Exclude pictures and give again exactly the lines of the listing, beginning with its first line and ending with the one that contains "78-Zoll-Elektrokamin mit Kaminsims, Kamin-TV-Ständer".

> _INFORMATION SUPPLIED_
****

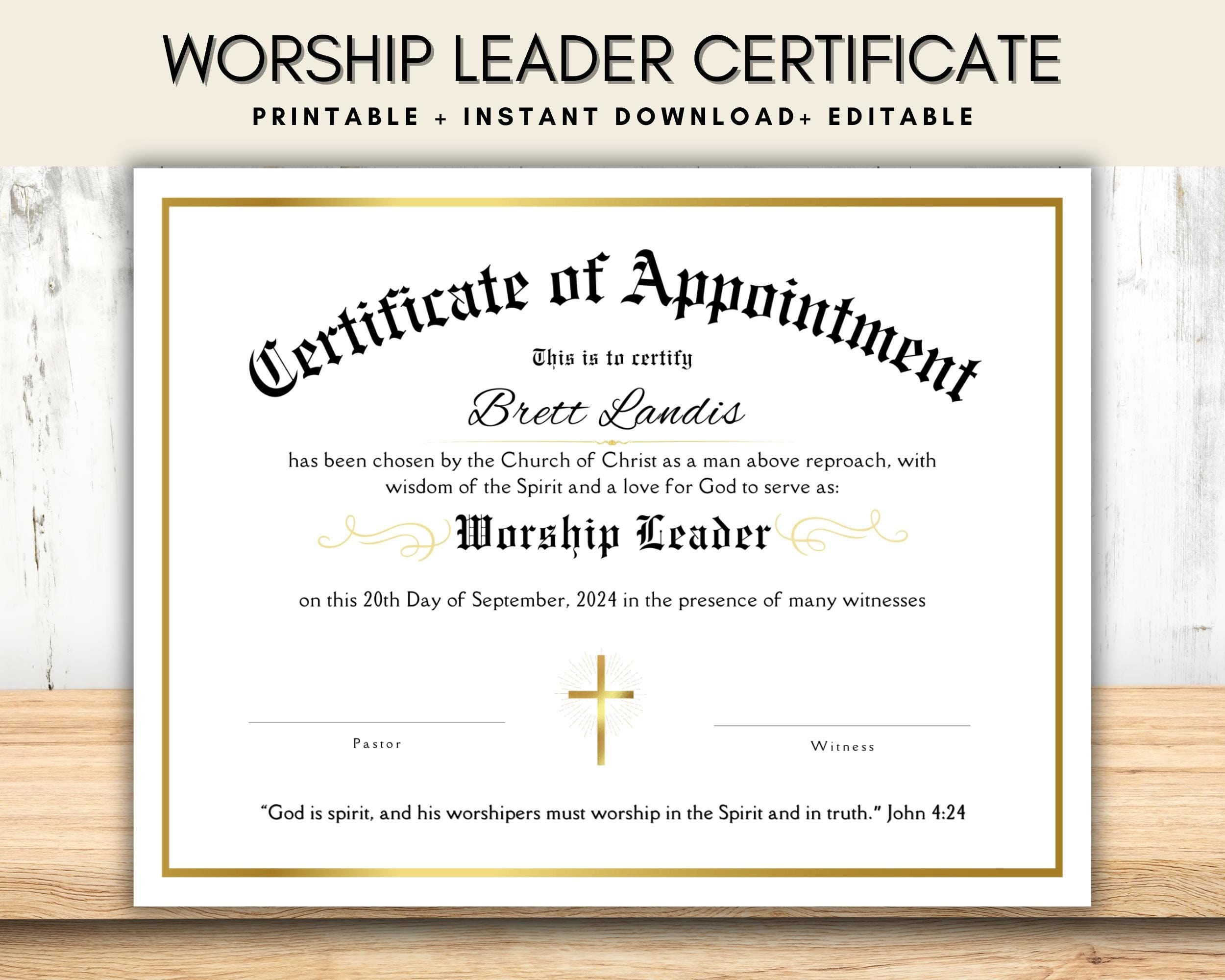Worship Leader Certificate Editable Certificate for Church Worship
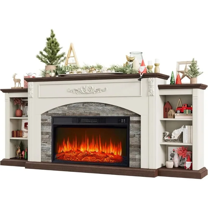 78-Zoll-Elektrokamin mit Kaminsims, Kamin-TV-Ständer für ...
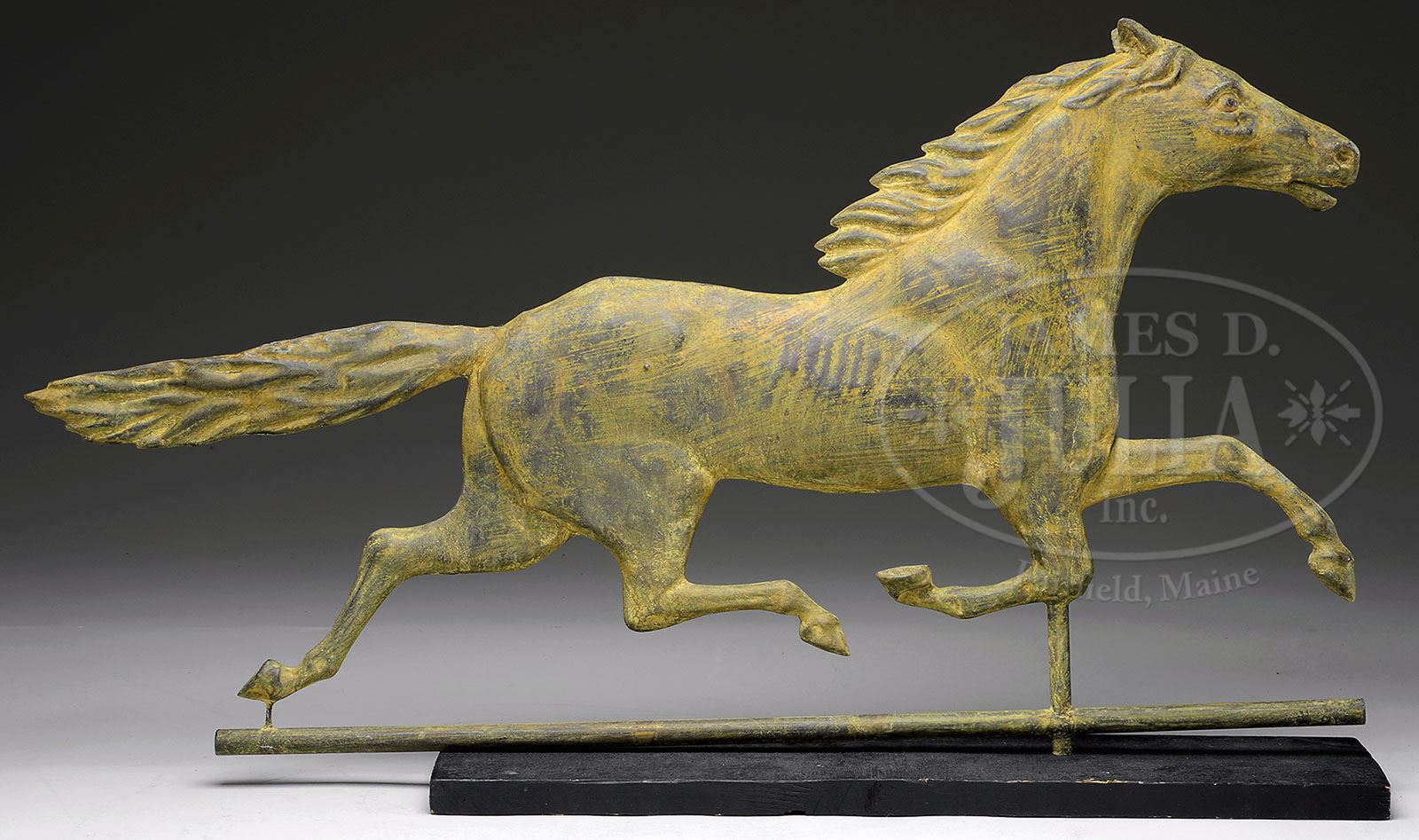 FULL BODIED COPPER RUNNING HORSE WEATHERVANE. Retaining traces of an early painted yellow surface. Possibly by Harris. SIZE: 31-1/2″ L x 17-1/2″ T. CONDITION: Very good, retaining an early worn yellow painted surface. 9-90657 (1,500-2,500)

****

> _EXPECTED ANSWER_
Worship Leader Certificate Editable Certificate for Church Worship
 78-Zoll-Elektrokamin mit Kaminsims, Kamin-TV-Ständer für ...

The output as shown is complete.